The prevailing assumption is that people are good, not bad, and will become dysfunctional if they think negative things about themselves.
One survey revealed that most people view self-esteem as the single most important motivator for hard work and success, ranking higher even than a sense of responsibility or fear of failure.
We are told that high self-esteem will help keep down amounts of crime, bad marriages, career and social problems, relational and academic problems, and that low self-esteem may be the biggest factor in all of these problems.
In this drive to pump up self-esteem, Americans are feeling better about themselves than ever.
A survey conducted in 1940 had only 11 percent of women and 20 percent of men agreeing with the statement, “I am an important person.”
In the 1990s, those figures jumped to 66 percent of women and 62 percent of men.
Gallup Polls indicate as much as 90 percent of people consider their own sense of self-esteem as robust and healthy.[1]
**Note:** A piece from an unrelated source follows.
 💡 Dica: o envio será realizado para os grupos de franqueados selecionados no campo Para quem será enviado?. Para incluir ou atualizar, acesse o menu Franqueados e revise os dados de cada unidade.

While many Christians are hesitant to explicitly encourage self-centeredness or focusing on boosting your own self-esteem only, I have noticed an interesting trend in the growing Evangelical literature supporting self-esteem:  It is considered noble, if not a responsibility, to build the self-esteem and image of /others/, especially children or women.
Logically, of course, if psychologists are right about self-esteem and its relation to healthy living, then we should also pump up our own self-esteem to live fully for God.
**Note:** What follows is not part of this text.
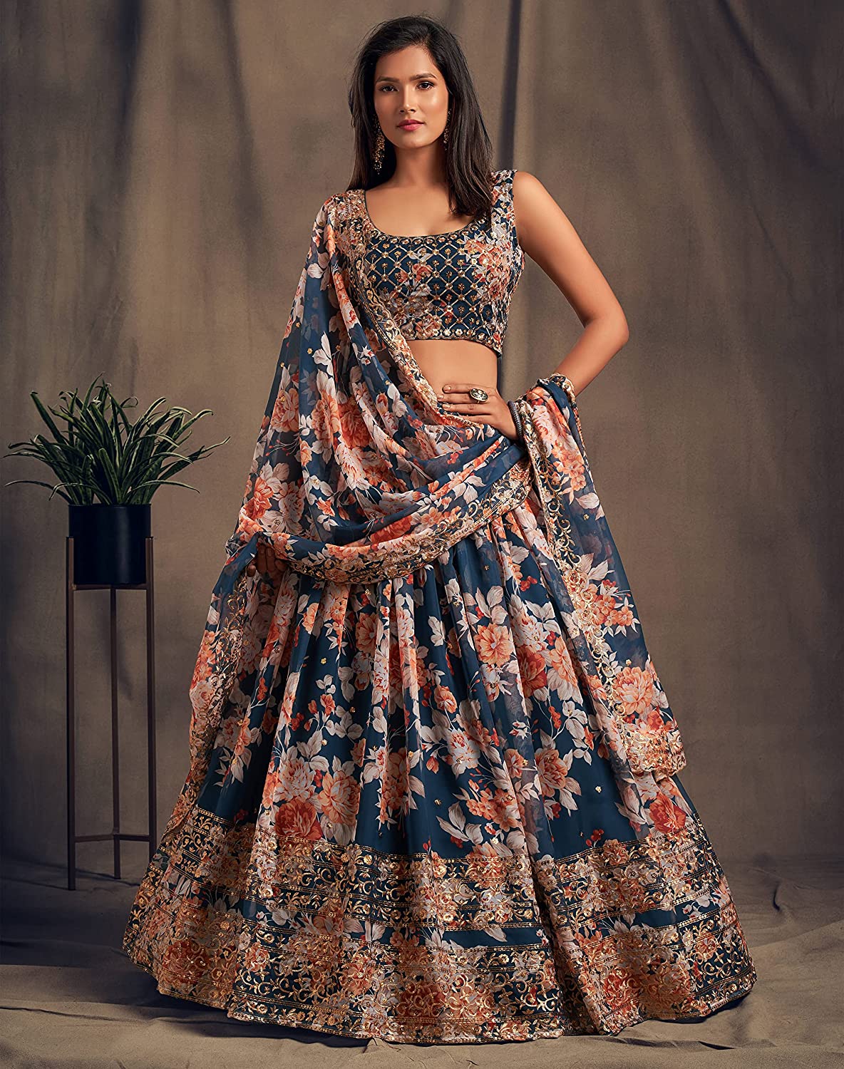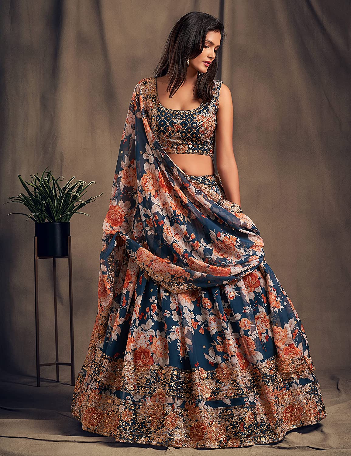 - Lehenga Work: Zari and Sequins Embroidery work with Digital Floral Print; Blouse Work: Zari and Sequins Embroidery work with Digital Floral Print; Dupatta Work: Zari and Sequins Embroidery work with Digital Floral Print

Some even see strong self-esteem as essential in hiring a pastor.
Describing what to look for in leaders one author discusses the character of a minister.
“Self-esteem, while not strictly a matter of character, comes sharply into play at this point.
To a degree, all of us have a fragile self-esteem … The healthier the self-esteem, the better the foundation upon which to build ministry.
We’ve found that if we compromise here, we pay in the end.”[2]
One characteristic in many of these Christian writings is that either implicitly or explicitly, sinful behavior or “problems” (the preferred term for most) are traced to a self-esteem issue at its core.
One famous Christian preacher of a huge congregation and ministry goes so far as to redefine sin as “a fundamental lack of self-esteem that inhibits the full development of the human personality.”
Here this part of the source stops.